_Data items:_
<<<<
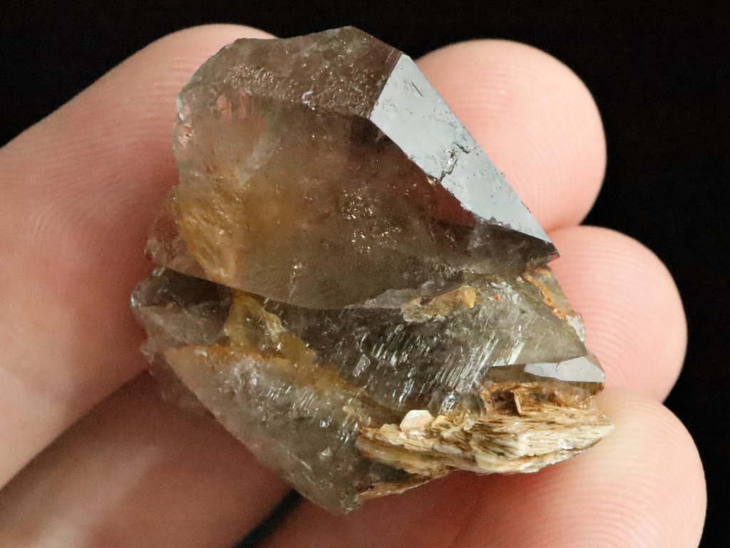 Jedná se o krystalek záhnědy, který je jednou boční stranou přirostlý k menšímu kousku křemene zdobeného muskovitem (stříbrně lesklou slídou).
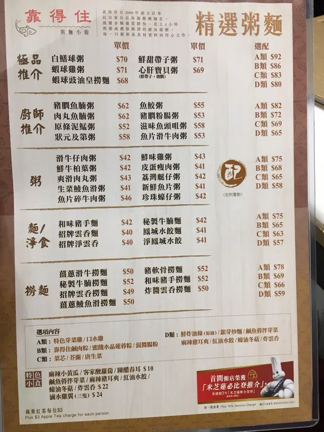 年初五晚上,本打算和家人食pizza 意粉,但我得了傷風,吃了傷風藥,便沒有胃口。於是家人提議去離屋企不遠的「靠得住」食米芝蓮推介的粥品。由於家人沒有吃過這間食肆,所以對他們來說是沒有抱有期望,但我幾年前試過「靠得住」另一間分店,便一試難忘,還記得那碗粥非常綿。今次到香港仔分店沒有令我失望,點了肉丸粥配銀芽炒麵,牛腩撈麵配混醬腸粉,可惜混醬腸粉賣完了,改點了油炸鬼。肉丸粥:粥很綿,肉丸味道濃,易咬開,還感覺到肉汁牛腩撈麵:家人說牛腩很軟,牛肉味濃郁,他很喜歡油炸鬼:很脆,放進粥內吃,讚!還有一提,店內提供蘋果茶,都幾清新查看更多
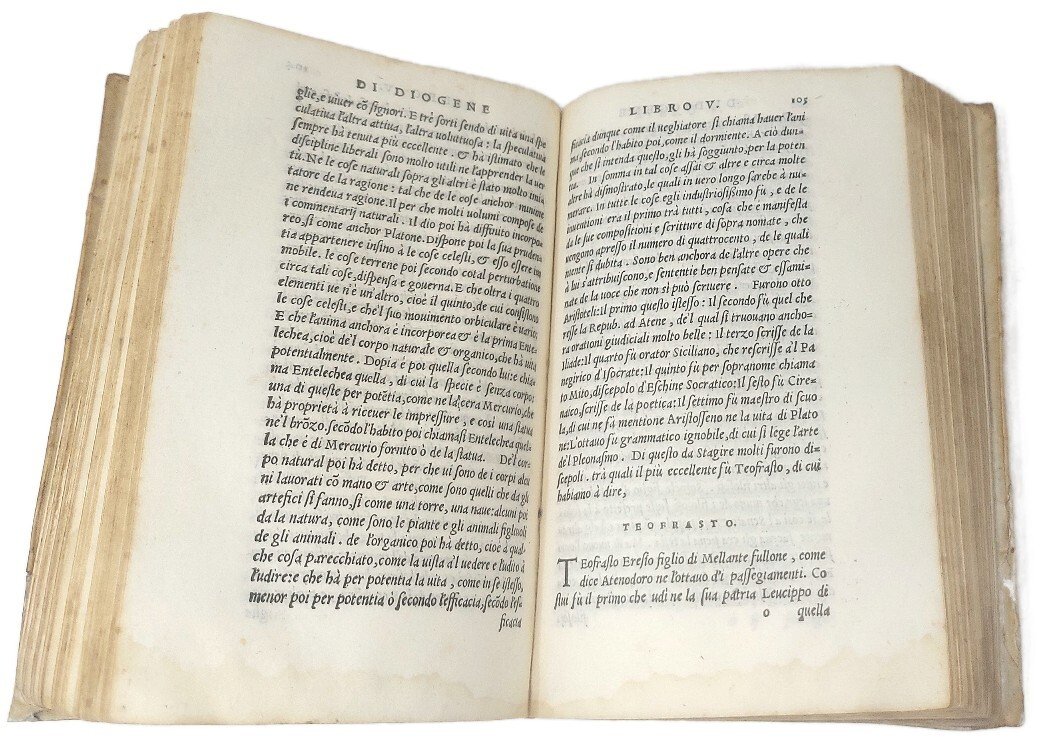 >in-8 (162x110 mm), ff. (8), 251, (1), legatura coeva in pergamena floscia (angolo del piatto anteriore con antico restauro), tracce di legacci. Impresa dello stampatore al titolo e al verso dell'ultimo f. Pregevole edizione del volgarizzamento delle ''Vite'' di Diogene Laerzio ad opera di B. e P. Rosettini (la prima ed. in italiano apparve nel 1480). L'opera in dieci libri fornisce preziose notizie per la conoscenza della biografia e del pensiero di un gran numero di filosofi antichi fino al II sec. Testo conosciutissimo nel Medioevo, ebbe enorme successo durante il Rinascimento. Esemplare genuino, con lievi aloni d'umido, più pronunciati nei primi fogli. Antiche note ms. cancellate al titolo, timbri di Gustavo Galletti e Bibliotheca Pagni. BMC 216. Adams D-492.
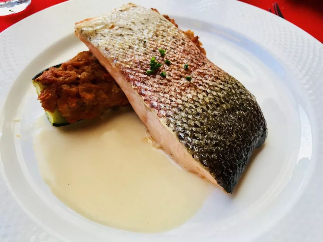 船上的晚餐比较简约,但不马虎,口味和盘式都还是保持了法餐的基本水准。主菜的烤鲈鱼和南瓜酱小鸭片,以及甜点百香果巧克力软蛋糕等依然可以吃出法餐的传统讲究。
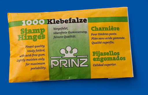 Prinz Stamp Hinges are hinges of the finest quality and are pre-folded with acid-free gum. Lightly moisten for maximum peelability. Sold in packs o...
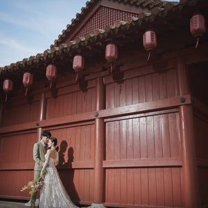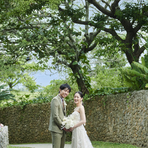 ザ・ヨミタンリゾート アクアグレイス・チャペル近くにある「むら咲むら」という沖縄らしい古民家や自然あふれる観光スポットで撮影します。
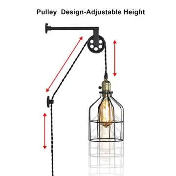 LUSTORM 1 Industrial Wall Sconce Lights Lift Pulley Design Vintage Farmhouse Wall Lamps for Living Room Decor, Retro Mounted Fixture with Wheel Pendant Lamp for Bedroom(No Bulb)
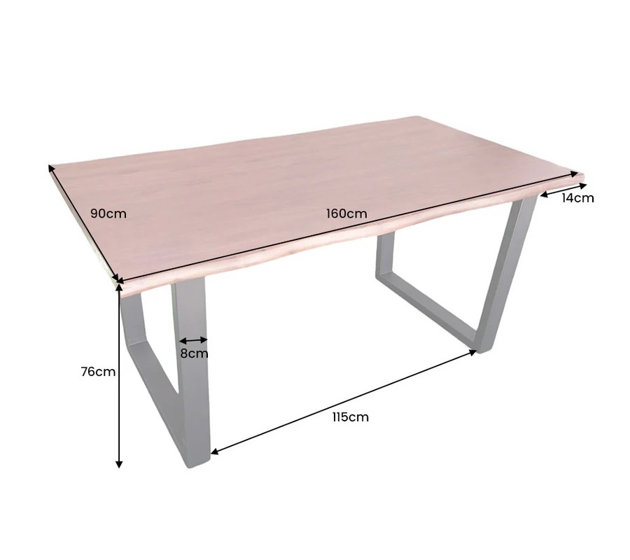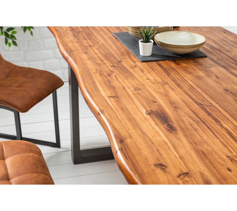Vrchní deska má obdélníkový tvar a je vyrobena z masivní akácie v hnědé barvě s olejovanou povrchovou úpravou. Ta chrání povrch a zároveň zvýrazňuje přirozenou kresbu, barevné přechody a výraznou strukturu materiálu. Delší hrany desky jsou zpracovány ve stylu live edge, který zachovává přirozené linie kmene a dodává stolu autentický, organický vzhled. Díky tomuto zpracování je každý kus originálem. Za stůl se pohodlně usadí šest osob.
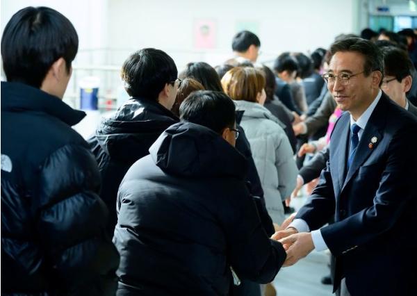 오순문 서귀포시장의 신년사에 이어 새해맞이 영상 시청과 구호 제창이 이어졌으며, 직원들은 “더 빛나는 희망의 서귀포시”,“우리가 만든다!”라는 구호를 함께 외치며 공직자로서의 책임과 역할을 다시 한번 되새겼다.
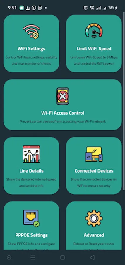 With the help of the Router Chef App, you can control your Router's basic settings e.g. :
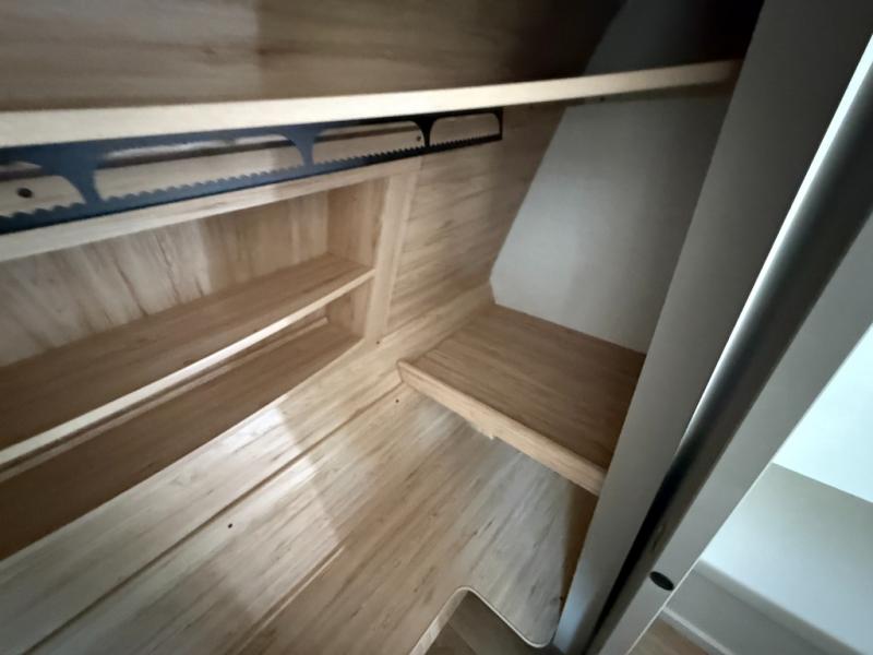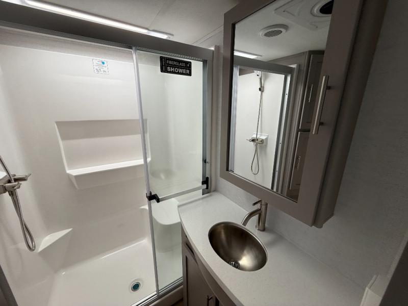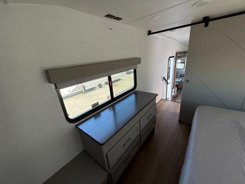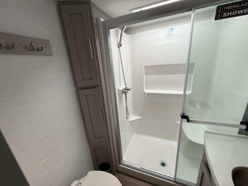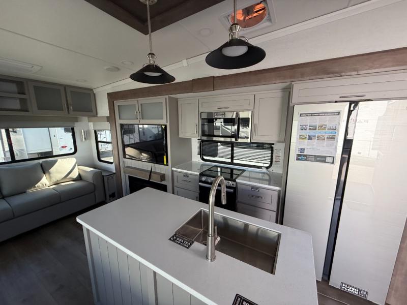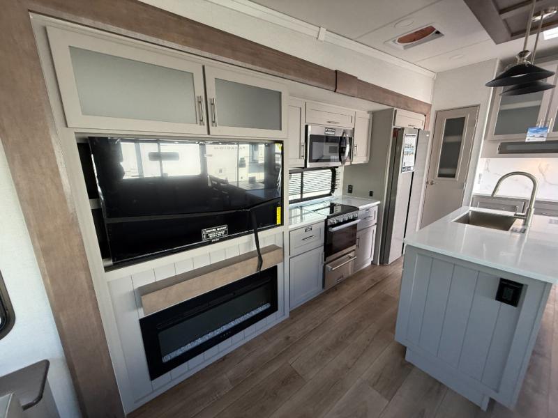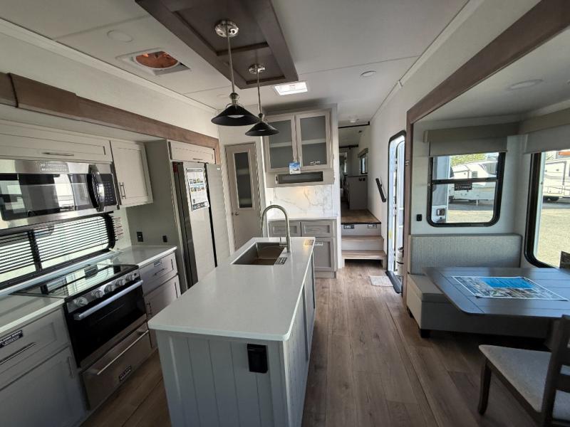 A kitchen island with countertop space makes it easy to prepare meals in this fifth wheel! The floating dinette table has two chairs on one side and a movable ottoman with flip up storage on the other side to keep your games or extra table cloths in. You can store your dishes and snacks inside the hutch/pantry or in the second pantry. The front private bedroom has a queen bed slide but can be switched out for the optional king bed if you like. There is also a dresser and large wardrobe for storage, and either side of the wardrobe with washer and dryer prep. The rear living area features a dual recliner theater seat across from an entertainment center with a 50" class HDTV with hidden storage behind it, and is also on a swing mount for all to see even at the rear sleeper sofa!
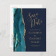 Teal Gold Agate Navy Blue Wedding Save the Date Announcement Postcard
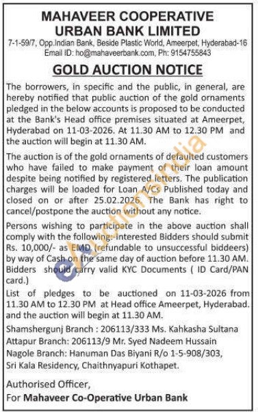 MAHAVEER CO-OPERATIVE URBAN BANK LIMITED Gold Auctions Auction in Murshidabad
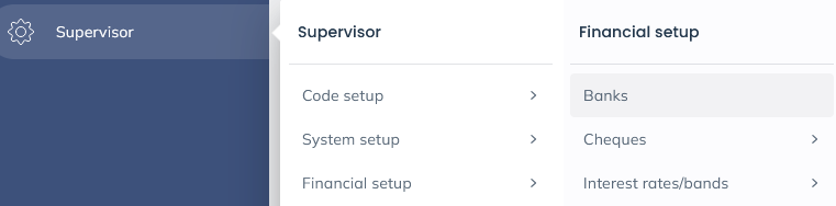 Navigate to Supervisor > Financial Setup > Banks > Add Bank.
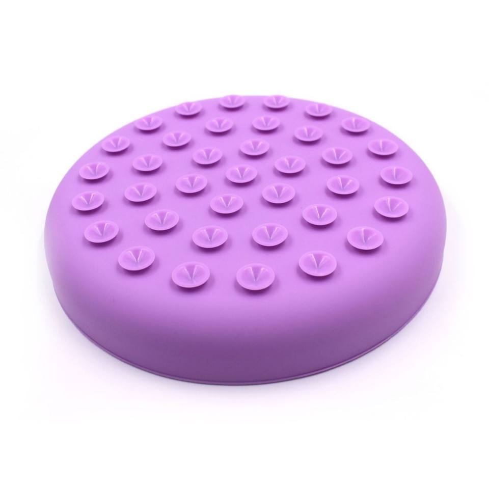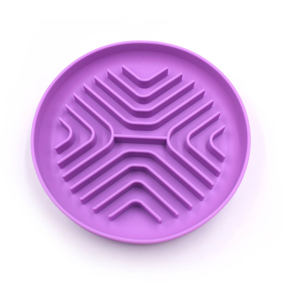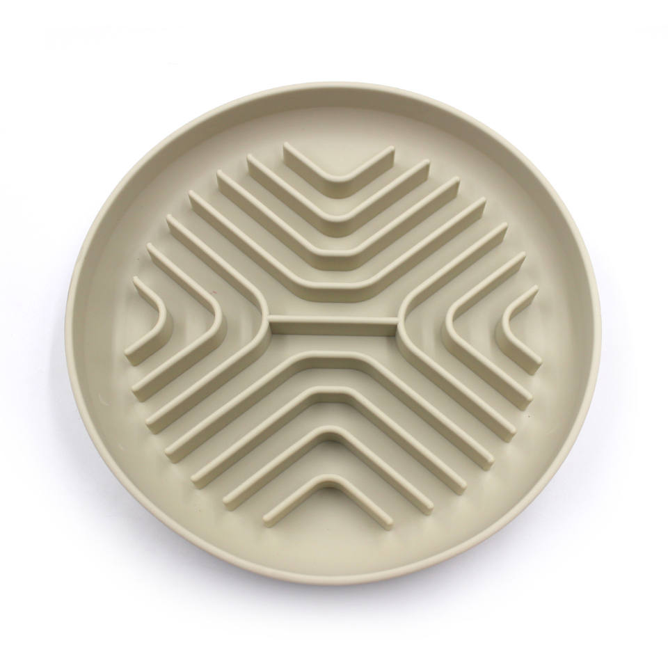แผ่นรองเลียกันน้ำสำหรับสุนัข ทำจากซิลิโคน สีเบจ ลายข้าวสาร ช่วยให้กินช้าลง ป้องกันการสำลัก ใช้สำหรับฝึกสุนัขกินอาหาร
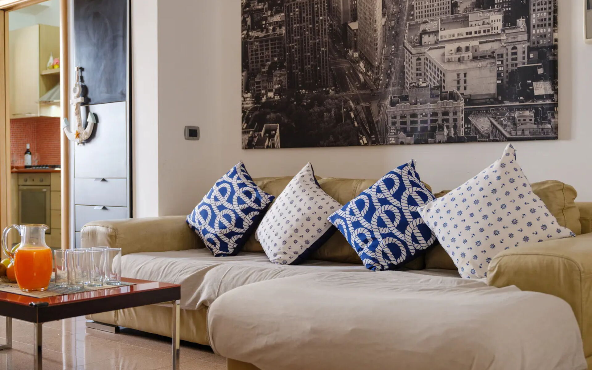 Comprising a living area with a leather sofa with peninsula, TV and brunch area, a separate modern kitchen equipped with every comfort including a refrigerator, oven, toaster, and books on Salento cuisine, a double bedroom, a twin bedroom, and a bathroom complete with a crystal shower.
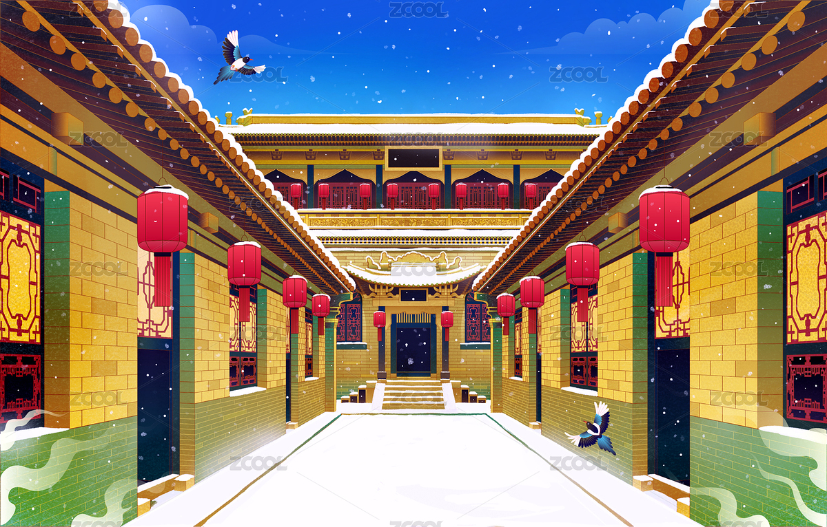 山西晋中乔家大院冬天雪景国风插画
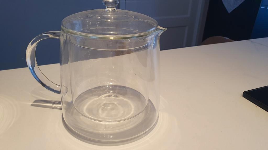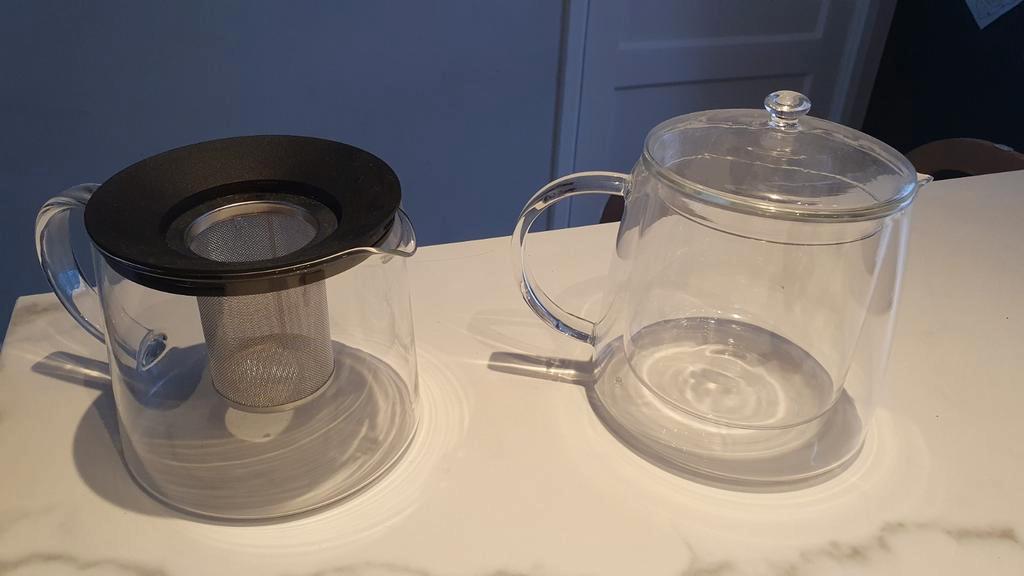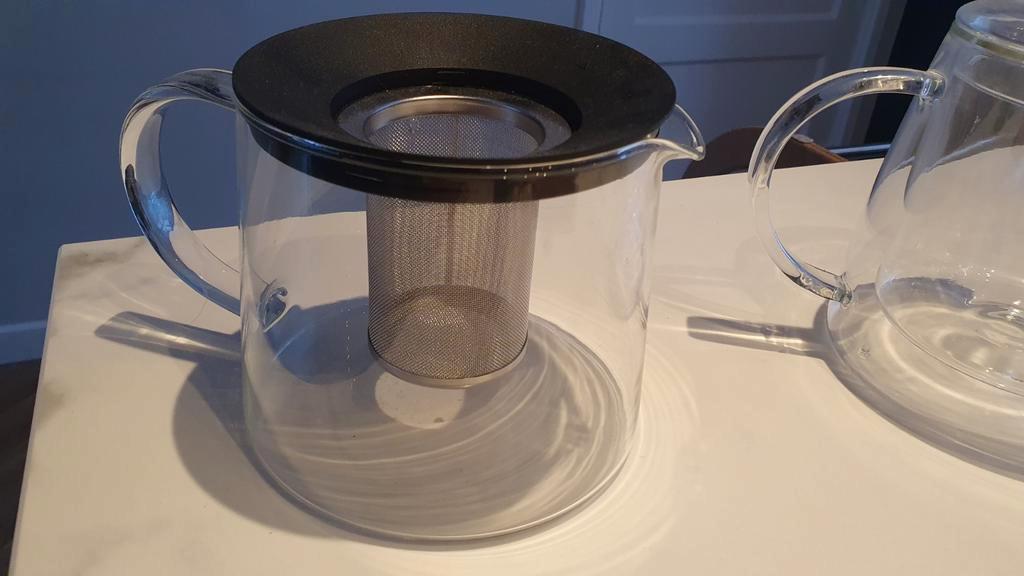 Set van twee glazen theepotten. Een theepot met een filter voor losse thee (dekseltje ontbreekt) en een dubbelwandige theepot met deksel. Beide theepotten zijn weinig gebruikt en in goede staat. Allee
>>>>
_Problem requirements:_
Nothing but the lines above from the line with "216. Adams D-492." up to and including the line with "船上的晚餐比较简约,但不马虎" should be returned, exactly as written and without pictures.

_Task solution:_
 >in-8 (162x110 mm), ff. (8), 251, (1), legatura coeva in pergamena floscia (angolo del piatto anteriore con antico restauro), tracce di legacci. Impresa dello stampatore al titolo e al verso dell'ultimo f. Pregevole edizione del volgarizzamento delle ''Vite'' di Diogene Laerzio ad opera di B. e P. Rosettini (la prima ed. in italiano apparve nel 1480). L'opera in dieci libri fornisce preziose notizie per la conoscenza della biografia e del pensiero di un gran numero di filosofi antichi fino al II sec. Testo conosciutissimo nel Medioevo, ebbe enorme successo durante il Rinascimento. Esemplare genuino, con lievi aloni d'umido, più pronunciati nei primi fogli. Antiche note ms. cancellate al titolo, timbri di Gustavo Galletti e Bibliotheca Pagni. BMC 216. Adams D-492.
 船上的晚餐比较简约,但不马虎,口味和盘式都还是保持了法餐的基本水准。主菜的烤鲈鱼和南瓜酱小鸭片,以及甜点百香果巧克力软蛋糕等依然可以吃出法餐的传统讲究。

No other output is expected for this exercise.